Back in the beginning of 2020, when the first mentions of COVID started hitting the media, Maria and I started discussing our plans for 2021.
When we moved to the US in early 2018, the original agreement was to move there for three years and reevaluate; but - with the US primarily being my dream, I had certain expectations that Maria would want to move back. The fact that we had become parents in September of 2019, only made the decission even clearer. As a result of this, I changed back to my original team in the US, as I knew the chances of bringing my position within the Xbox servers team (Project xCloud) with me, would be incredibly slim, as it involved working with prototype hardware. During my move, it was agreed that a move to Denmark would be supported by management, in case we decided to do so.
A few days after moving to the Azure DevTest Labs team, deaths due to COVID-19 were on the rise in Washington State, most of them occuring at the hospital our daughter was born, just a few kilometers from our townhouse in Redmond and Washington state.
A series of unfortunate events
Unfortunate events often occur in pairs and this was no exception. As COVID started closing down countries and international travel, no less than three people I knew in Denmark (my aunt, a former manager and a former class mate) died from Cancer within a span of 8 days. I knew, deep in my heart, I had no other option, but to fly home and participate in my aunts funeral and if possible, the other two.
It was 48 intense hours, trying to contact authorities across several nations to ensure we could board a plane and make it all the way; keep in mind, there are no direct flights between Seattle and Copenhagen, Denmark. To make matters even more 'interesting', my Daughter's Danish passport was still in Denmark as we didn't get to receive it in time, after being home during New Years, due to an error with the clerks office in a Church in Denmark. As a Danish national, you are supposed to always travel to Denmark and enter, on your Danish passport. After getting the green-light to travel and with expectations that we would be able to enter Denmark, the last question to answer was really, "should we do it? is it worth the risk?" - Traveling during a global pandemic, is pretty much how a pandemic spreads; what were we going to do when we arrived in Denmark? Could we quanrantine? what if we got sick on the way? All of those thoughts, with the added pressure of seeing country after country announce how they closed their borders; we eventually came to the conclusion that, it was important for me to be around my Family in times of hardship; so we booked our flights and went back home.
Stuck for a while
We arrived in Copenhagen on a fully booked flight, filled with Danes and Swedes who had been in North and South America.

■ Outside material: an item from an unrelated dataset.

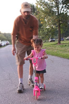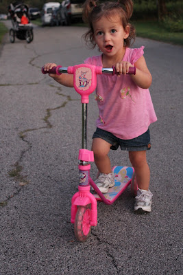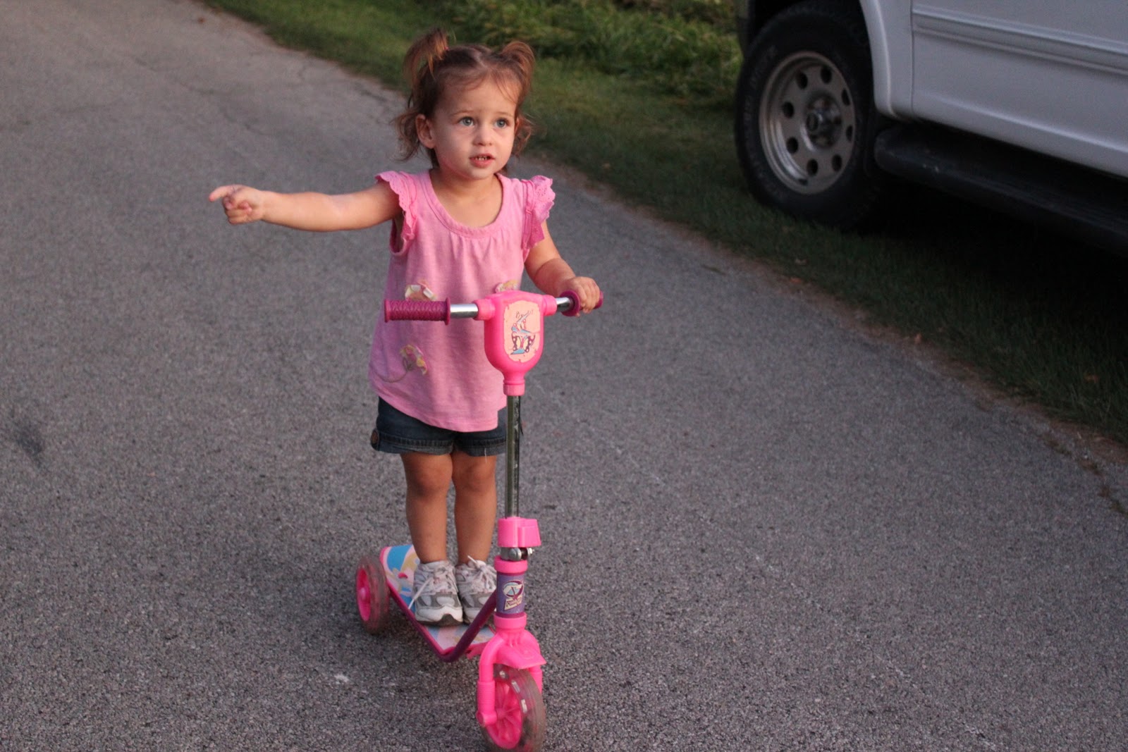 We took our hand-me-down scooter with us.  She didn't do too bad!  We should get out that helmet, though!  Daddy helped push, but she was also able to scoot herself a long a bit.  Steering is still an issue!
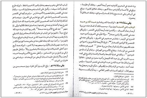 (12) كما هو معروف في بعض بلدان نجد التي هجرت فأصبحت خراباً ثم جدد عمارتها أشخاص انتقلوا إليها فيعتبرون هم المؤسسون لها في العصور المتأخرة، والقائمون بعمارتها من بناء وزراعة وغيره... مثل: بلدة التويم في سدير التي عمرها مدلج بن حسين الوائلي، عام 700هـ تقريباً، وبلدة حرمة في سدير التي عمرها: إبراهيم بن حسن بن مدلج، عام 770هـ تقريباً، وغيرها... ومعروف أن بلدة التويم وحرمة أصلهما قديم ومذكور في كتب المنازل والديار القديمة. ينظر: تاريخ بعض الحوادث الواقعة في نجد. إبراهيم بن صالح بن عيسى، ط الأولى، 1386هـ، -دار اليمامة- ص 28- 31. وأيضاً: بلاد العرب. مرجع سابق، ص256 وص 262. بتصرف.

We moved in with my in-laws, expecting to stay a few weeks while we quarantined and expecting to fly back within a month or two; after all - how bad could it all be? Little did we know, that everything closed down and travel bans starting to take effect ...
In the end, we were there for 4 months before returning to the US in late July.
Working from home
Throughout the 4 months in Denmark, I had been working from Maria's parents' caravan, mostly working hours with overlap with the timezones covering the Americas; this mean little to no sleep, limited time with family incl my daughter and less than ideal working conditions.
When flying back to the US, I went the office to grab some equipment out of my former office and established an actual home office, within our bedroom. Fast forward to february of this year, I had been working from home from our bedroom for more than 6 months; we were ready to move back to Denmark.
Reorgs, reorgs, reorgs
If there's one thing I have experienced at Microsoft in the US, it's reorgs every, single, summer. The summer of 2020 was no exception and my team was moved under a part of Developer Division - as a result, my skip-level managers' manager, had changed.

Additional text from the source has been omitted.